The Strategic Imperative

  • Data Consolidation Tools: Implement platforms that automatically pull data from all key systems, standardize it, and flag inconsistencies. This frees up time for analysis rather than manual cleanup.
  • Cross-Functional Training: Provide ongoing training sessions for frontline staff, emphasizing why accurate data matters. Consider incentives or simple QA processes that reward correct data entry.
  • Process Alignment: Work with department heads to create SOPs that uphold data integrity, ensuring each step (from booking to checkout) captures essential information.
  • Integrated Technology: Whenever possible, invest in solutions that eliminate silos by linking guest profiles across reservations, folios, and other transactional platforms. This unified view is the foundation of actionable analytics.

Big Takeaway

For a revenue manager, data is currency. When that currency is tarnished by inaccuracies or departmental silos, its value plummets. By investing in integration-focused technology, engaging staff in data stewardship, and establishing clear procedures, revenue managers can transform a messy data landscape into an analytical goldmine – empowering them to make swift, informed decisions that directly drive profitability.

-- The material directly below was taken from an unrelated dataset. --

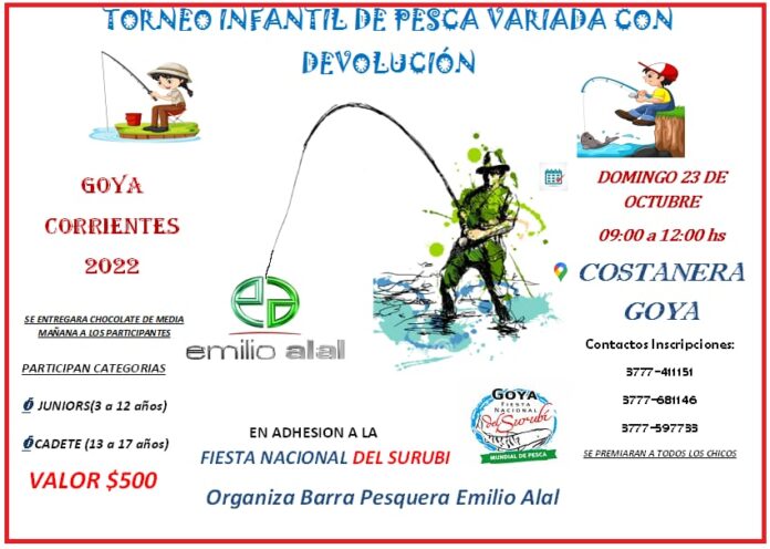El Concurso Infantil de Pesca de Costa variada con devolución se realizará este domingo 23 de octubre en Costanera de 9 a 12:00. El evento está organizado por la Barra Pesquera Emilio Alal y la colaboración de la Municipalidad de Goya.

2. Attracting the Most Profitable Guests

Problem in Focus

For many hotels, success is measured not just by heads in beds but by maximizing profitability per guest. While a high occupancy rate might look good on paper, relying heavily on OTAs and other third-party channels can erode margins through commissions and fees. Compounding the issue, many hotels don’t have a clear picture of which guests drive the total revenue, including their potential for ancillary spending on dining, spa services, and more. Segmentations often hinge on broad categories – leisure vs. corporate, transient vs. group – without diving into which specific segments or personas are truly lucrative.